07-week7.Rmd

# Week 7: Unsupervised learning (word embedding)

This week we will be discussing a second form of "unsupervised" learning---word embeddings. If previous weeks allowed us to characterize the complexity of text, or cluster text by potential topical focus, word embeddings permit us a more expansive form of measurement. In essence, we are producing here a matrix representation of an entire corpus.

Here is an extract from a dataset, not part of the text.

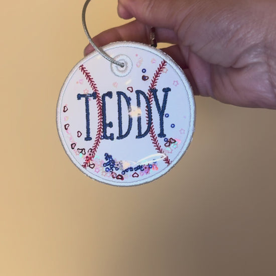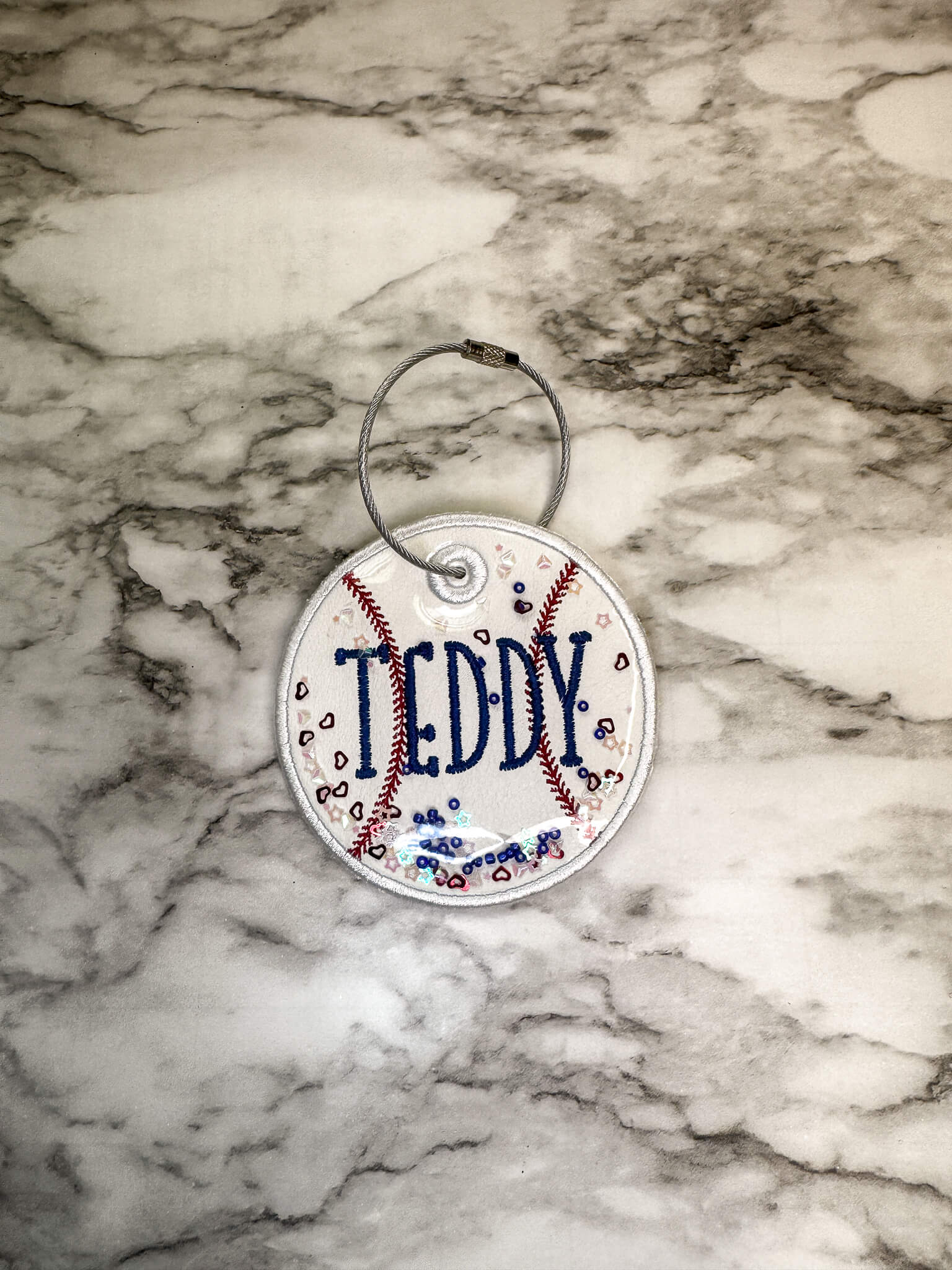 Show your love for the game with this embroidered baseball shaker bag tag! A fun way to personalize your sports bag, Bogg bag, or backpack. This tag makes it easy to spot your gear while adding a little pizazz!

The reading by @rodriguez_word_2022 provides an effective overview of the technical dimensions of this technique. The articles by @garg_word_2018 and @kozlowski_geometry_2019 are two substantive articles that use word embeddings to provide insights into prejudice and bias as manifested in language over time.

**Required reading**:

-   @garg_word_2018
-   @kozlowski_geometry_2019
-   @waller2021

**Further reading**:

-   @rodriguez_word_2021
-   @rodriguez_word_2022
-   @osnabrugge_playing_2021
-   @rheault_word_2020
-   @jurafsky_speech_2021 [ch.6]: <https://web.stanford.edu/~jurafsky/slp3/>]

**Slides**:

-   Week 7 [Slides](https://docs.google.com/presentation/d/1sS3xk0NqpaGLuvrrHVgYpW-yATxUwPuEBt-Ke_sK-Eo/edit?usp=sharing)